Each Flink ETL job is independent, it manages and performs checkpoints in its job manager.
Each ETL job generates snapshot data in Table Store according to its checkpoint independently.
Flink OLAP/Batch jobs read snapshots of tables from Table Store and performs complex computations such as join and agg.

Proposal

Suppose the following case: there's a base table in database, a user creates cascaded views or materialized views Table1, Table2 and Table3 based on it. Then the user executes complex queries on Table1, Table2, and Table3 and the query results are consistent with the base tables. When the user creates the three tables in Table Store and incrementally updates data of them by Flink ETL jobs in real-time, these tables can be regarded as materialized views that are incrementally updated in real time. Unfortunately, Flink ETL jobs mainly have four HOWs in this case(general streaming and batch ETL):

HOW to manage the relationship between ETL jobs?

Multiple ETL jobs and tables in Table Store form a topology. For example, there are dependencies between Table1, Table2, and Table3. Currently, users can't get relationship information between these tables, and when data on a table is late, it is difficult to trace the root cause based on job dependencies.

HOW to define the data correctness in query?

As shown above, Flink ETL jobs will generate V11, V21, V31 in Table1,2,3 respectively for V1 in CDC. How to define data correctness in query when users perform join query on these three tables? The case in point is how to ensure V11, V21 and V31 are read or not read in one query?

HOW to define E2E data processing delay of ETL jobs and tables in topology above?

Flink ETL jobs update tables above in real-time, there are dependencies between them. While the data is flowing, how to define the data delay in these tables? For the above example, how to define the E2E delay of streaming data from CDC to Table2? How much does the delay of each ETL job affect the E2E delay, and which ETL job needs to be optimized?

HOW to revise the data in tables updated by streaming job?

When one of the tables needs to be revised, how to revise it in the streaming process on the premise of ensuring the correctness of the data?

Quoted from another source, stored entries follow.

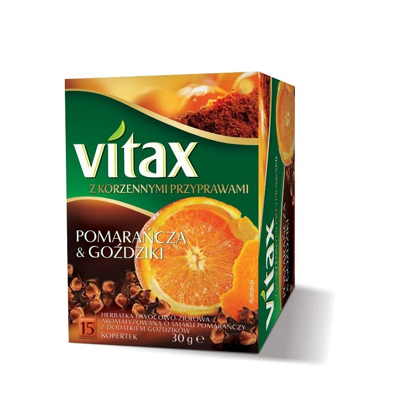Herbata Vitax Owocowo-Ziołowa Pomarańcza i Goździki – 15 kopert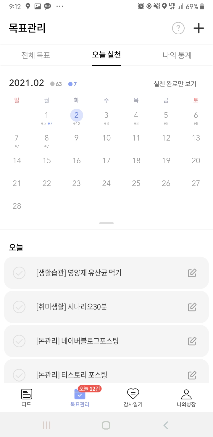 체크 모양을 누르면 체크가 되면서 실천 완료가 된답니다.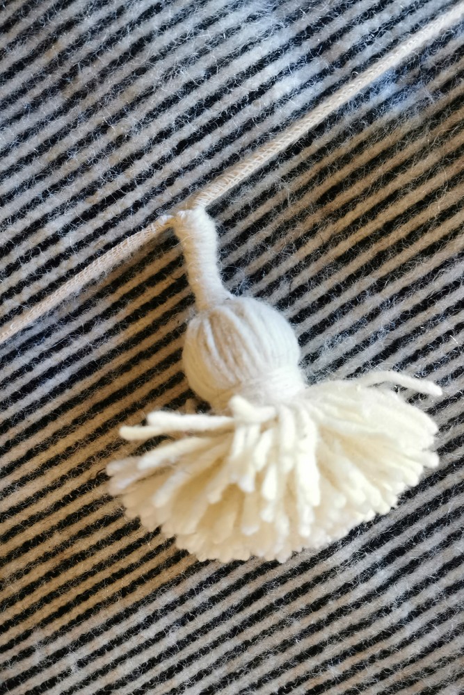 Schwarzer und weißer Berber-Pompon-Plaid. -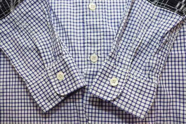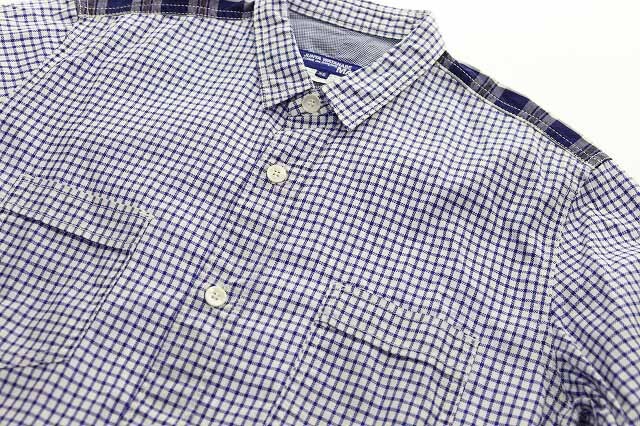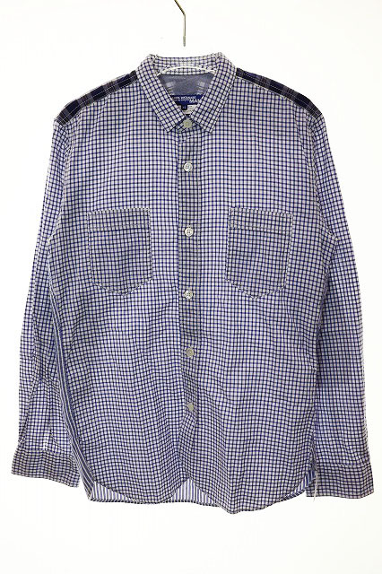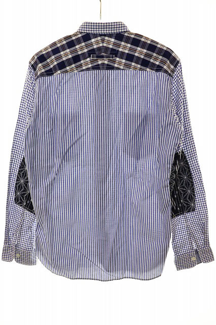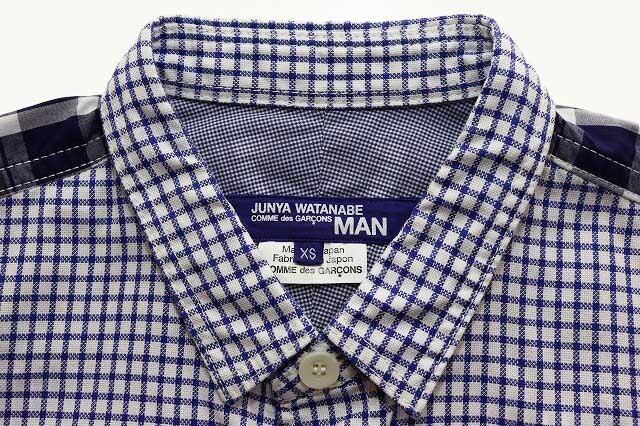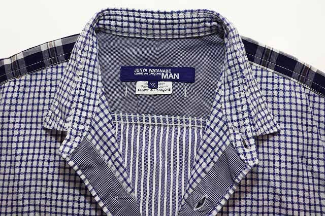 ジュンヤワタナベマン JUNYA WATANABE MAN オックスチェック シャツ XS WO-B011 エルボーパッチ ストライプ 切替 長袖 【ブランド古着ベクトル】●241215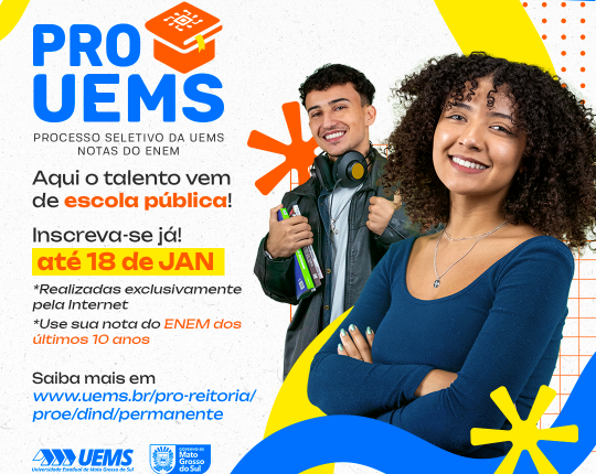 Faltam dez dias para o encerramento das inscrições do Processo Seletivo Permanente UEMS 2026 – Notas do Enem (PROUEMS 2026). A Universidade Estadual de Mato Grosso do Sul (UEMS) segue com prazo aberto até o dia 18 de janeiro de 2026 para ingresso em cursos de graduação por meio das notas do Exame Nacional do Ensino Médio (Enem), conforme regulamenta o Edital nº 180/2025.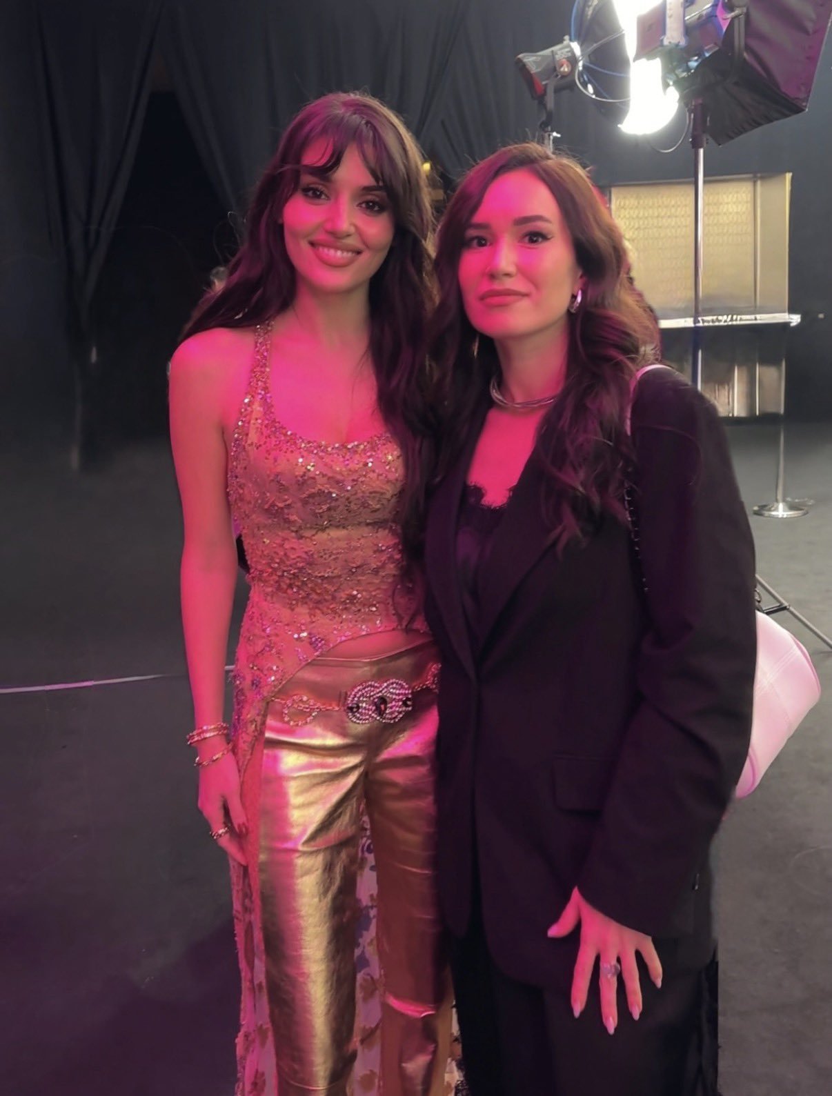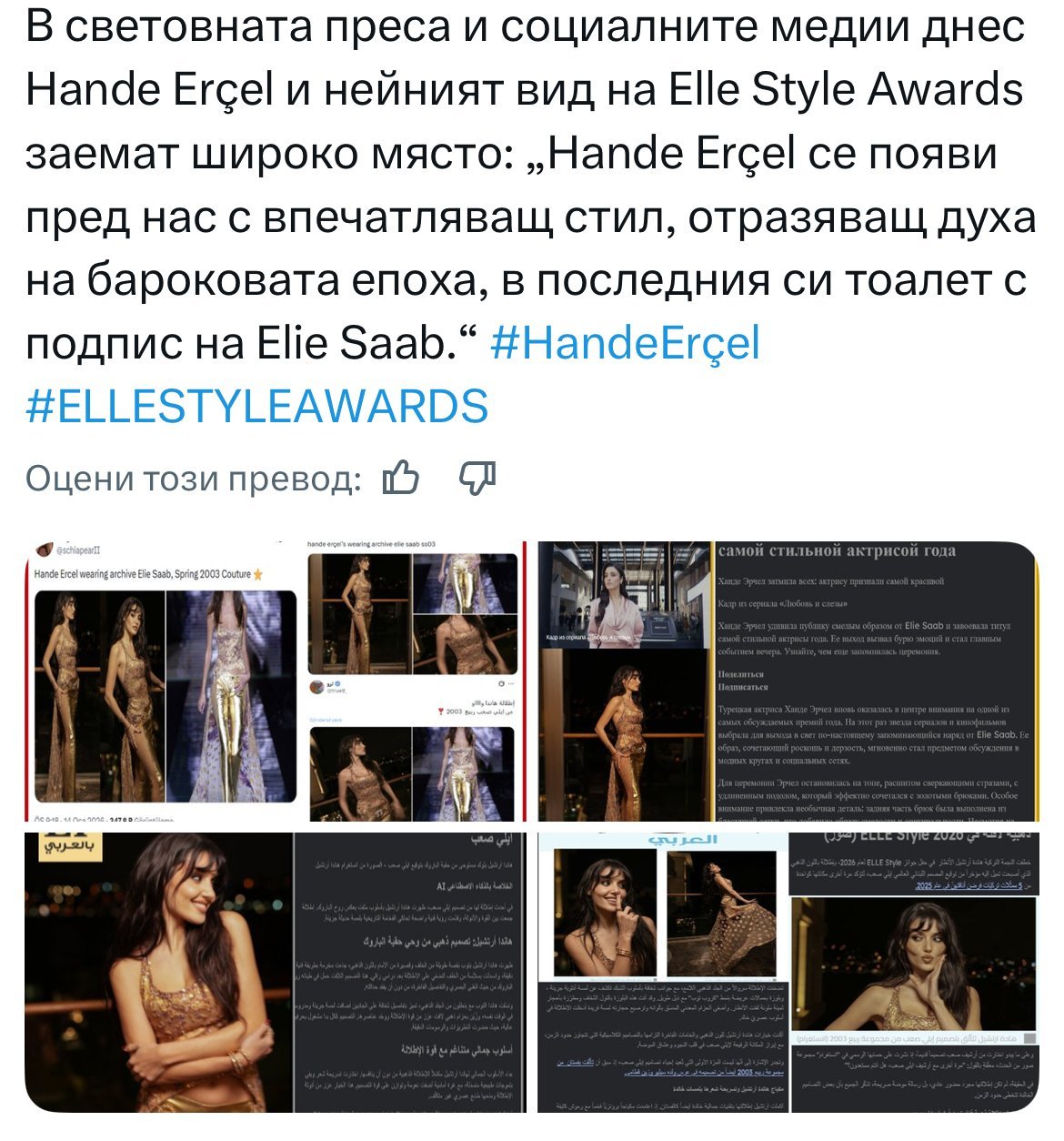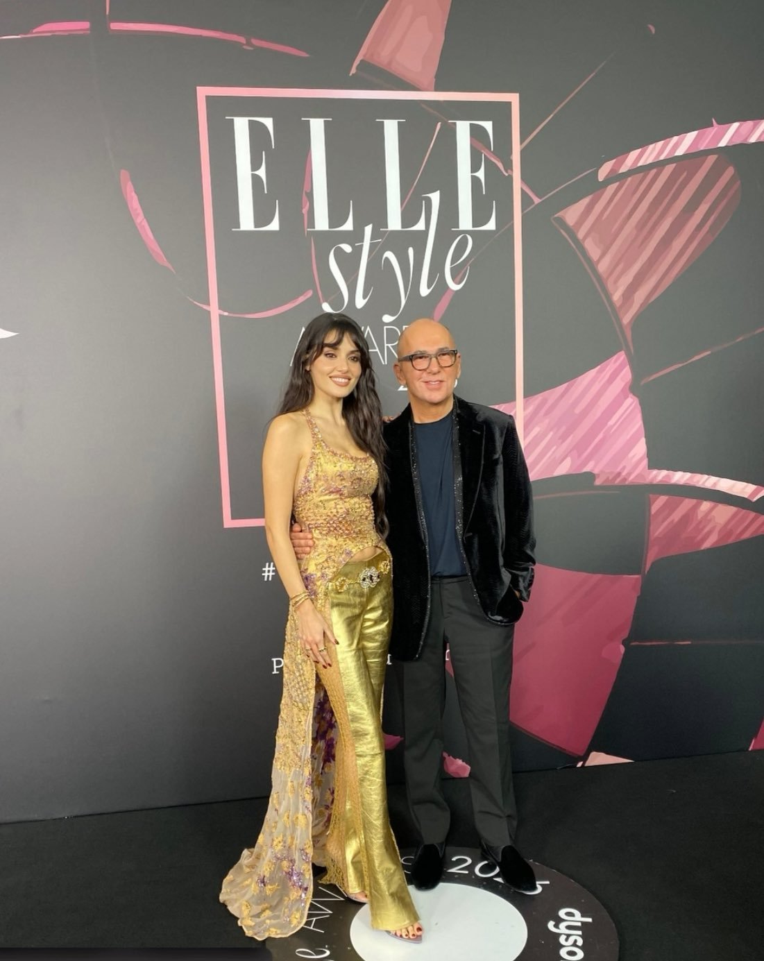 "Ханде Ерсел на сцената на наградите Elle Style Awards получава своята награда."

For instance, the data in Table1 needs to be revised, what should the users do in the topology to ensure that the data is not lost or repeated?

In order to answer the above questions, we introduce MetaService in Table Store to coordinate Flink ETL jobs, manage the relationships and dependencies between ETL jobs and tables, and support data consistency in Table Store.

Proposed Design

Architecture

We can regard each Flink ETL job as a single node with complex computation, and the table in Table Store as a data stream. Flink ETL and tables form a huge streaming job, which we call ETL Topology. We setup a MetaService node to manage the ETL Topology. The main architecture is:

The capabilities of MetaService are as followed:

Coordinate the Global Checkpoint in ETL Topology

1. As the coordinator of ETL Topology, MetaService interacts with source ETL job and generates a global checkpoint barrier.
2. Each ETL job creates snapshots with checkpoint info on sink tables in Table Store.
3. Checkpoint barrier is transmitted between ETL job nodes by tables, then these job nodes can create globally consistency snapshots in Table Store according to the checkpoint.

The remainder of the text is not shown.